China’s economic miracle in the last three decades has not been matched with equivalent progress in its major health indicators. Investment in social infrastructure, the management of health-care provision, access, environmental protection, and climate change has lagged behind its dedication to promoting industrial and commercial growth.
At the same time the government has faced unique challenges – unprecedented population growth, a rapidly increasingly aging population, new diseases, urbanisation and migration, water and air pollution, and an increasing disparity in wealth between the littoral cities and the rural hinterland. With a population of c a 1.3 billion people on the move and with new styles of consumer cultures, the Chinese impact on our global health is impossible to quantify or evaluate without a broad- based education in health-related China studies. CCHH aims to provide researchers with the opportunities and training necessary to develop original projects dedicated to improved understanding and delivery of China’s Millennium Development Goals as they relate to global health.

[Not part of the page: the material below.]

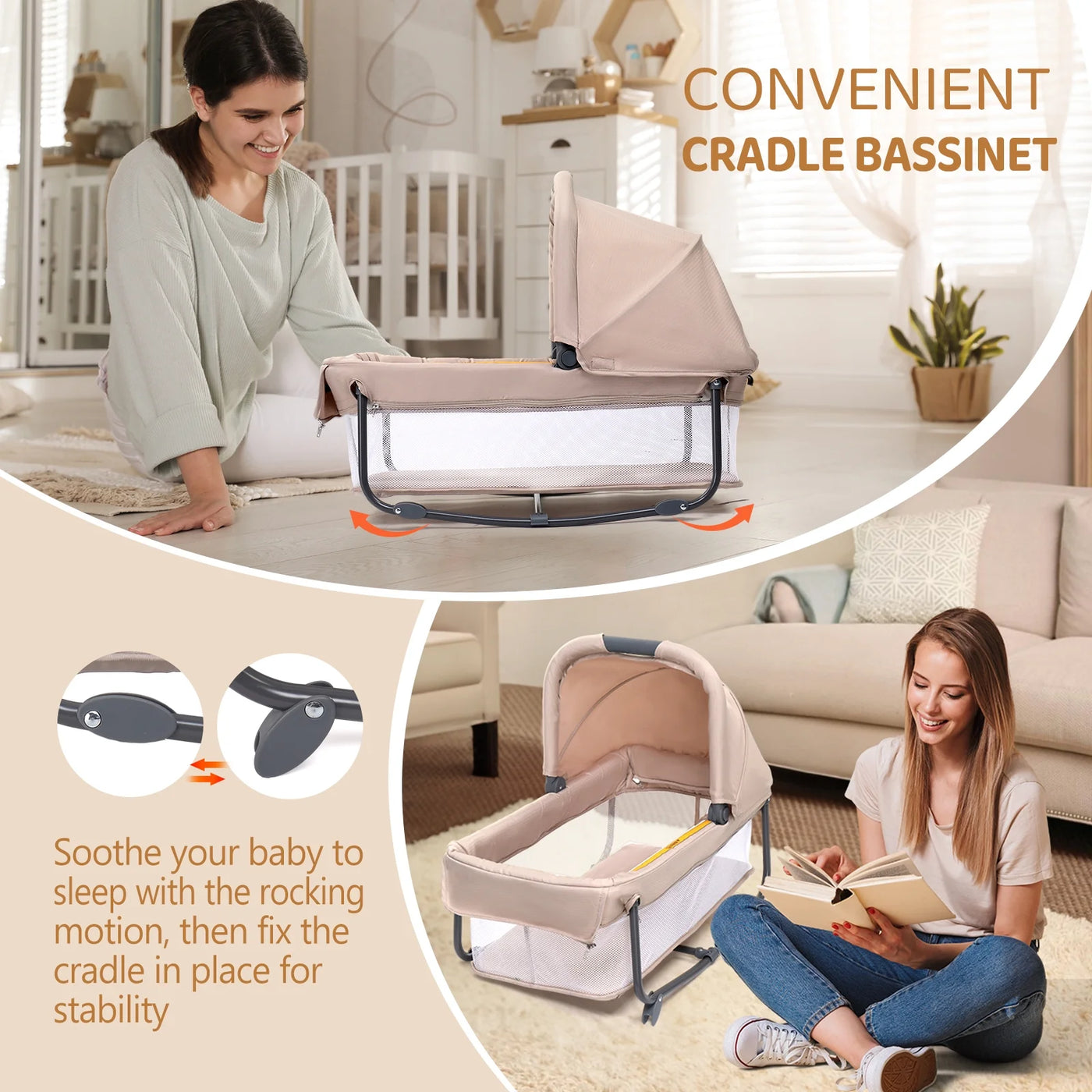 - Removable Rock-A-Bye Bassinet provides a cozy and secure space for your newborn baby

HMED3014: History of Asian Medicine
This course aims to provide knowledge of the background and development of key concepts and practices in the history of Chinese medicine, with a secondary focus on the history of Tibetan medicine. It will describe the transmissions of these Asian medical systems and traditions to Europe and the practice of traditional medicine in the modern world. The course will give a broad historical perspective, whilst at the same time focusing on the social, cultural and political contexts of key times of medical innovation. (1/2 unit).